Other unrelated cleanups:

* www/index.html: Fix some typos, set next release date.
------------------------------------------------------------------------

The problem with it becomes apparent as soon as someone needs to port the BuildDir error check fix over to a branch for an upcoming maintenance release. The porter doesn't want any of the other changes—for example, perhaps the fix to issue #1729 wasn't approved for the maintenance branch at all, and the index.html tweaks would simply be irrelevant there. But she cannot easily grab just the BuildDir change via the version control tool's merge functionality, because the version control system was told that that change is logically grouped with all these other unrelated things. In fact, the problem would become apparent even before the merge. Merely listing the change for voting would become problematic: instead of just giving the revision number, the proposer would have to make a special patch or change branch just to isolate the portion of the commit being proposed. That would be a lot of work for others to suffer through, and all because the original committer couldn't be bothered to break things into logical groups.

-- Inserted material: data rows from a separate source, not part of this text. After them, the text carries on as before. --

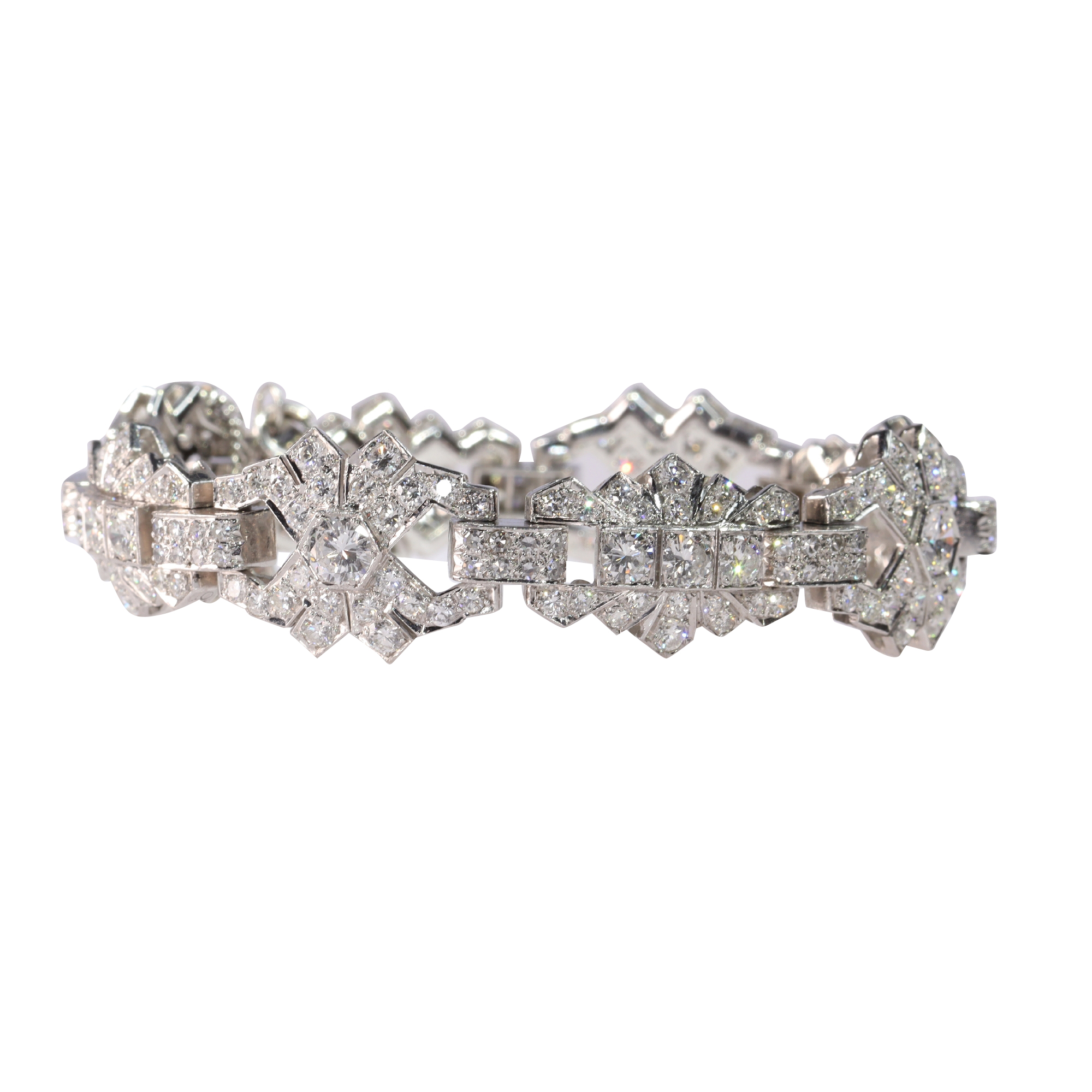 A resplendent bracelet, hailing from the 1950s, epitomises a seamless blend of Art Deco inspiration and the distinct lavishness of Retro style. Despite its Belgian essence, the piece bears no marks, its origins as mysterious as its craftsmanship is exquisite. It hosts a constellation of 256 diamonds, a symphony of brilliant cuts summing to approximately 12.24 carats. This luxurious platinum piece, in excellent condition, is not just a wrist adornment but a historical echo of the Fifties' elegance and the era's penchant for revisiting Deco sophistication.
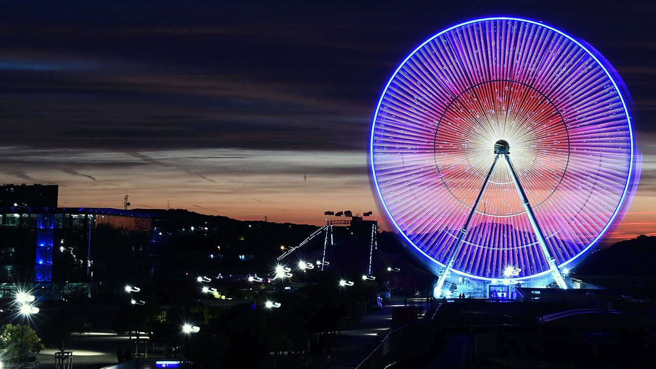 แสงสว่างจากชิงช้าสวรรค์ขนาดยักษ์ตั้งตระหง่านอยู่ใกล้ๆ กับพิพิธภัณฑ์อารยธรรมยุโรปและเมดิเตอร์เรเนียน สถานที่ท่องเที่ยวเก่าแก่อีกแห่งหนึ่งของเมืองมาร์กเซย เมืองท่าแห่งวัฒนธรรมและประวัติศาสตร์ ตั้งอยู่ในแคว้นโพรวองซ์ ทางตอนใต้ของประเทศฝรั่งเศส โดยมีฉากหลังเป็นท้องฟ้าช่วงพระอาทิตย์กำลังอัสดงหรือตกดิน ให้บรรยากาศโพล้เพล้อย่างมีเสน่ห์ก่อนยามราตรี.
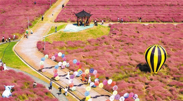 10月5日,南京八卦洲陌上花渡,游客在粉黛乱子草丛中游玩。中秋国庆假期,南京八卦洲陌上花渡内种植的粉黛乱子草进入最佳观赏期,吸引全国各地游客前来观赏打卡。苏 阳摄(中经视觉)
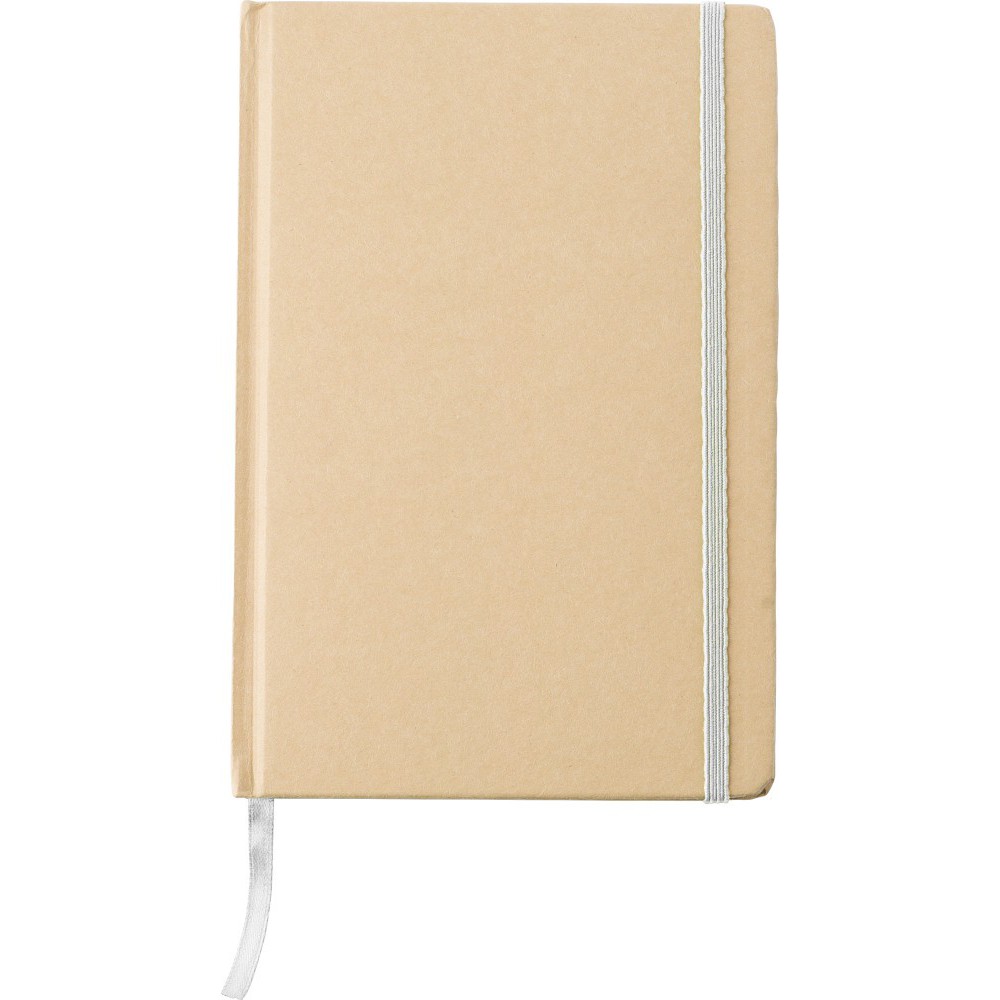 Újrahasznosított kartonból készült A5-ös jegyzetfüzet 80 vonalas lappal. Gumis záródás és könyvjelző szalag. Emblémázás: Tamponnyomás, UV nyomtatás
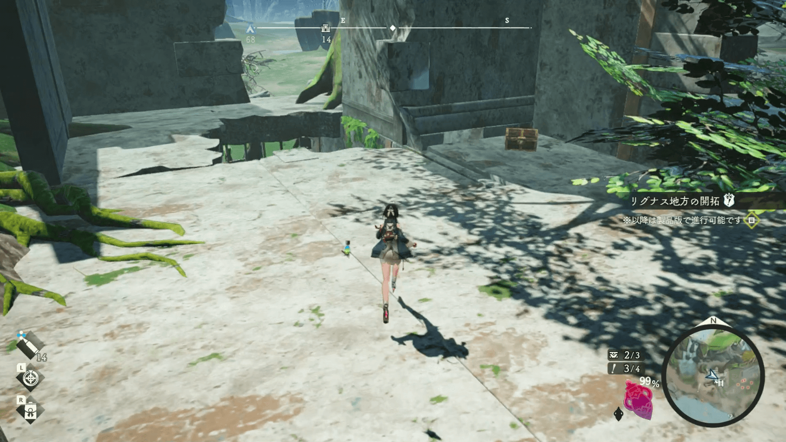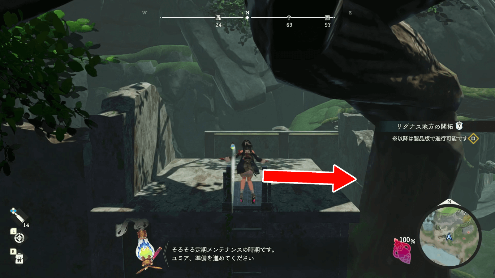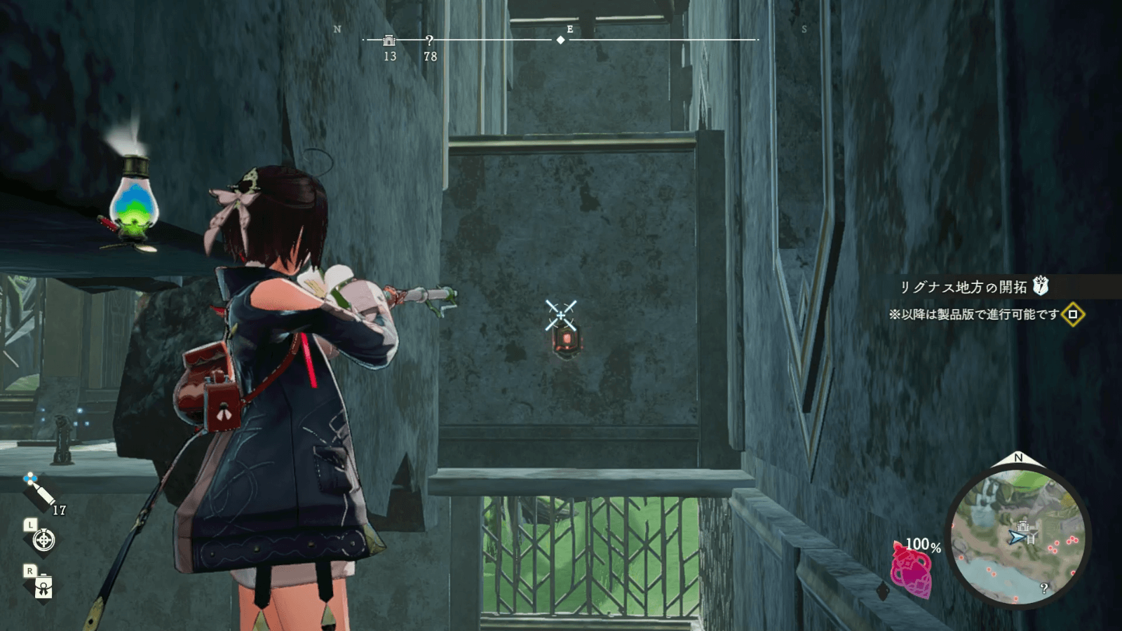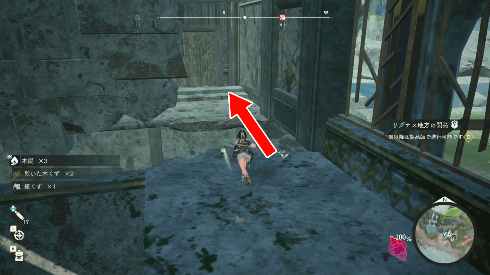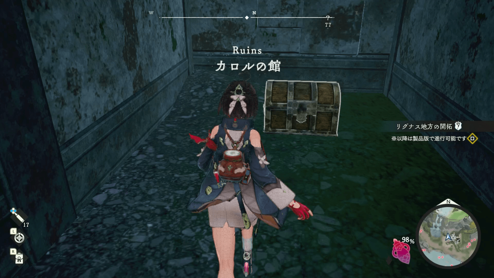 宝箱の場所 ミニゲーム 宝箱 中和剤・黄×3高台から下りたら、穴を迂回するように進んで宝箱を開けよう。宝箱では鍵のミニゲームが発生するので、画像を参考にクリアして回収すると良い。

In fact, that commit really should have been four separate commits: one to fix issue #1729, another to remove obsolete comments and reformat code in BuildDir, another to fix the error check in BuildDir, and finally, one to tweak index.html. The third of those commits would be the one proposed for the maintenance release branch.

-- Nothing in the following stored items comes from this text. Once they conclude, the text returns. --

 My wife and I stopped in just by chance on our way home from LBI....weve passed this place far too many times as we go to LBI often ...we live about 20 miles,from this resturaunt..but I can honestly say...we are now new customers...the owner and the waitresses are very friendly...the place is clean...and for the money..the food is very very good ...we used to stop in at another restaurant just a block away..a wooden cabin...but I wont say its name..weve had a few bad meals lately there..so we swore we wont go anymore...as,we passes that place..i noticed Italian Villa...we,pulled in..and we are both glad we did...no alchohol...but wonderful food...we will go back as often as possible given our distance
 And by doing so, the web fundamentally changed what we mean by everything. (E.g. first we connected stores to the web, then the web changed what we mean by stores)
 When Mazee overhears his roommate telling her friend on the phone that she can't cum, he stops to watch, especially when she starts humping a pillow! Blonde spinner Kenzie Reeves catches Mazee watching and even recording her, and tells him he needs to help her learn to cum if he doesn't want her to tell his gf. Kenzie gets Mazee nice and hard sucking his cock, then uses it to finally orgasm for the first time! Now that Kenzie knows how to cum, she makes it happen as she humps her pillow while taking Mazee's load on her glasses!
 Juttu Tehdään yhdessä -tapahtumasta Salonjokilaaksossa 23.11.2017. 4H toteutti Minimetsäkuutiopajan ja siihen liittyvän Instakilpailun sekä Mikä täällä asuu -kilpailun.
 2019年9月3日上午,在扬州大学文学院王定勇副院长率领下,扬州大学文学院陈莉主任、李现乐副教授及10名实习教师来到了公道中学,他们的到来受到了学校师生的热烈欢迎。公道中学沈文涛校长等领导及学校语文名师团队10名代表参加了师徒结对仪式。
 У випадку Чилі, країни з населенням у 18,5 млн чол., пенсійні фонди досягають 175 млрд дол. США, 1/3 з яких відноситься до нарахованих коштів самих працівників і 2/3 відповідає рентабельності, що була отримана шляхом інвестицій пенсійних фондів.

Of course, release stabilization is not the only reason why having each commit be one logical change is desirable. Psychologically, a semantically unified commit is easier to review, and easier to revert if necessary (in some version control systems, reversion is really a special kind of merge anyway). A little up-front discipline on everyone's part can save the project a lot of headache later.

Planning Releases

One area where open source projects have historically differed from proprietary projects is in release planning. Proprietary projects usually have firmer deadlines. Sometimes it's because customers were promised that an upgrade would be available by a certain date, because the new release needs to be coordinated with some other effort for marketing purposes, or because the venture capitalists who invested in the whole thing need to see some results before they put in any more funding. Free software projects, on the other hand, were until recently mostly motivated by amateurism in the most literal sense: they were written for the love of it. No one felt the need to ship before all the features were ready, and why should they? It wasn't as if anyone's job was on the line.

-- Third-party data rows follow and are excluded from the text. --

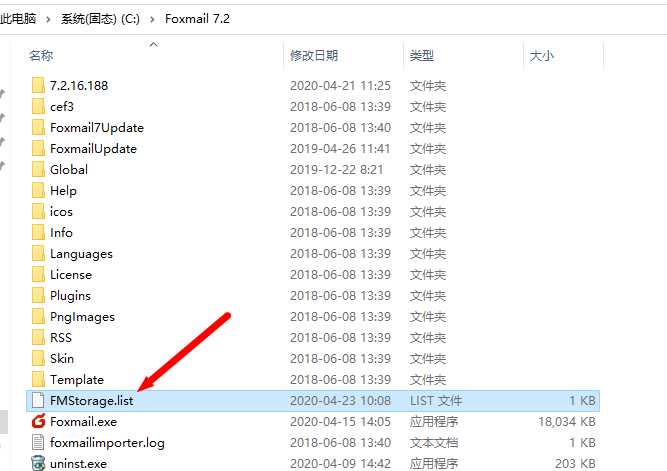 3、 在C:\Program Files\Foxmail 7.2目錄下找到一個名為FMStorage.list的文件
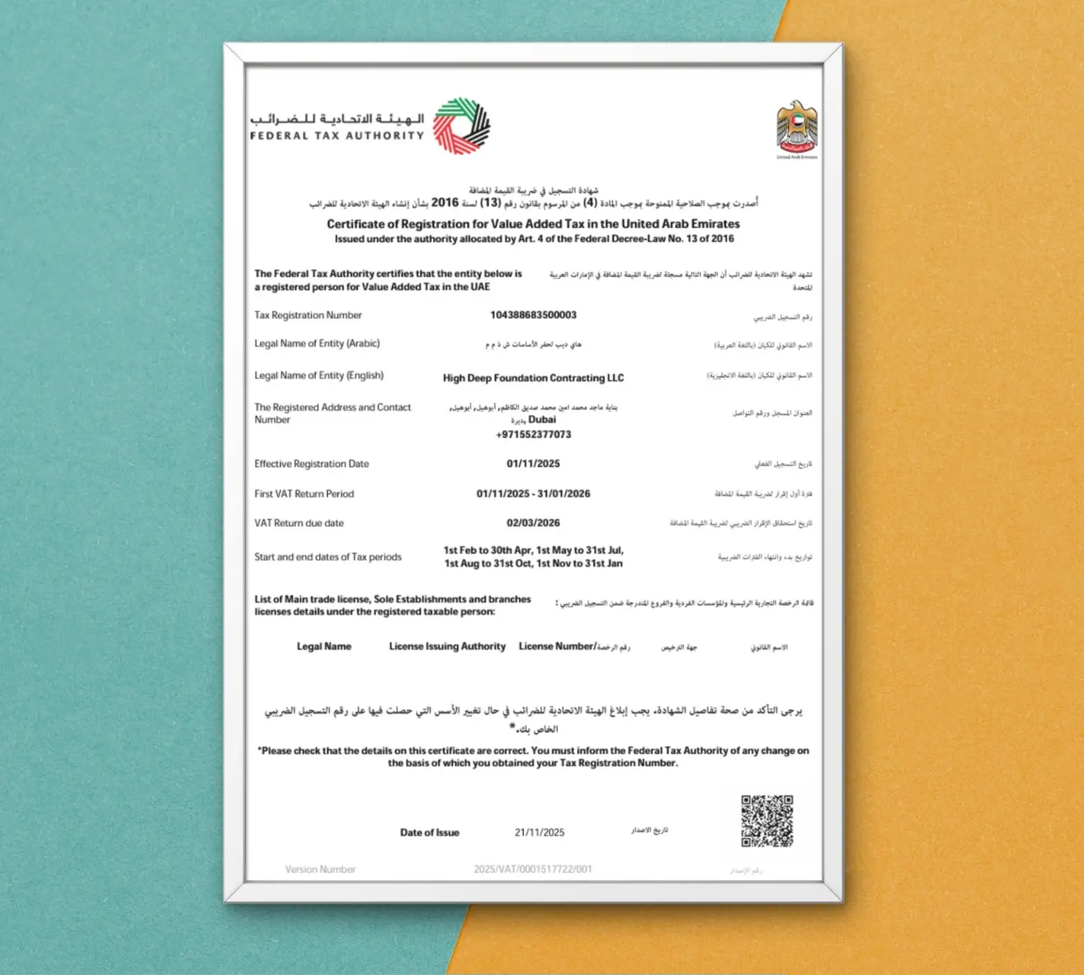 This certificate confirms that High Deep Foundation Contracting L.L.C. is officially registered under the Federal Tax Authority (FTA) for the collection and remittance of Value Added Tax (VAT) in the United Arab Emirates. The registration ensures the company’s compliance with federal tax laws and regulations, enabling it to issue VAT-compliant tax invoices and participate in government and commercial projects that require VAT registration. It reflects the company’s commitment to financial transparency, lawful operations, and adherence to the UAE’s fiscal governance framework.
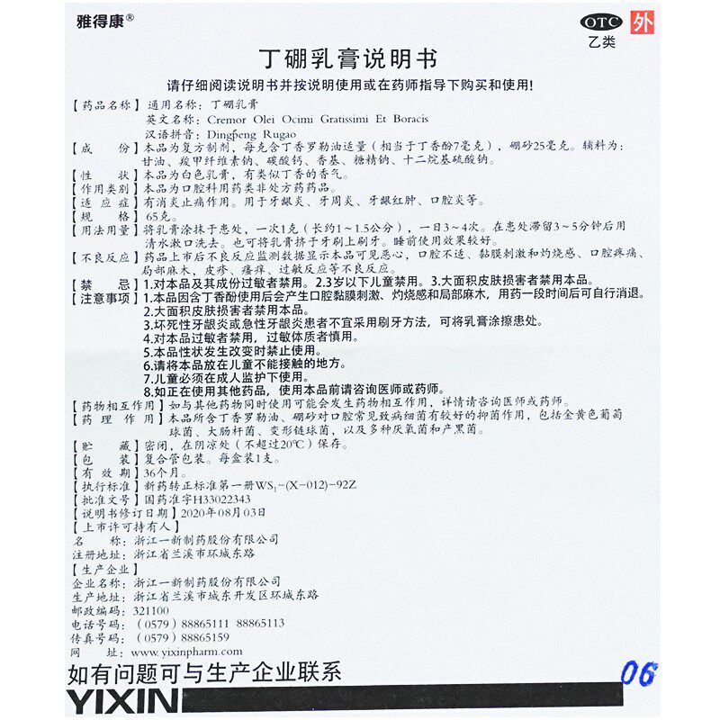 雅得康 Ding Boron Cream Authentic 65G*1 Зубная паста десен пародонта-патоматит RZY Обухание и боли противовоспалительная боль.
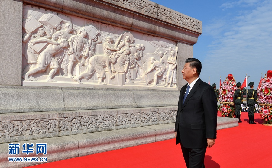 9月30日上午,黨和國家領導人習近平、李克強、栗戰(zhàn)書、汪洋、王滬寧、趙樂際、韓正、王岐山等來到北京天安門廣場,出席烈士紀念日向人民英雄敬獻花籃儀式。這是習近平瞻仰人民英雄紀念碑。 新華社記者 岳月偉 攝

Nowadays, many open source projects are funded by corporations, and are correspondingly more and more influenced by deadline-conscious corporate culture. This is in many ways a good thing, but it can cause conflicts between the priorities of those developers who are being paid and those who are volunteering their time. These conflicts often happen around the issue of when and how to schedule releases. The salaried developers who are under pressure will naturally want to just pick a date when the releases will occur, and have everyone's activities fall into line. But the volunteers may have other agendas—perhaps features they want to complete, or some testing they want to have done—that they feel the release should wait on.

There is no general solution to this problem except discussion and compromise, of course. But you can minimize the frequency and degree of friction caused, by decoupling the proposed existence of a given release from the date when it would go out the door. That is, try to steer discussion toward the subject of which releases the project will be making in the near- to medium-term future, and what features will be in them, without at first mentioning anything about dates, except for rough guesses with wide margins of error. By nailing down feature sets early, you reduce the complexity of the discussion centered on any individual release, and therefore improve predictability. This also creates a kind of inertial bias against anyone who proposes to expand the definition of a release by adding new features or other complications. If the release's contents are fairly well defined, the onus is on the proposer to justify the expansion, even though the date of the release may not have been set yet.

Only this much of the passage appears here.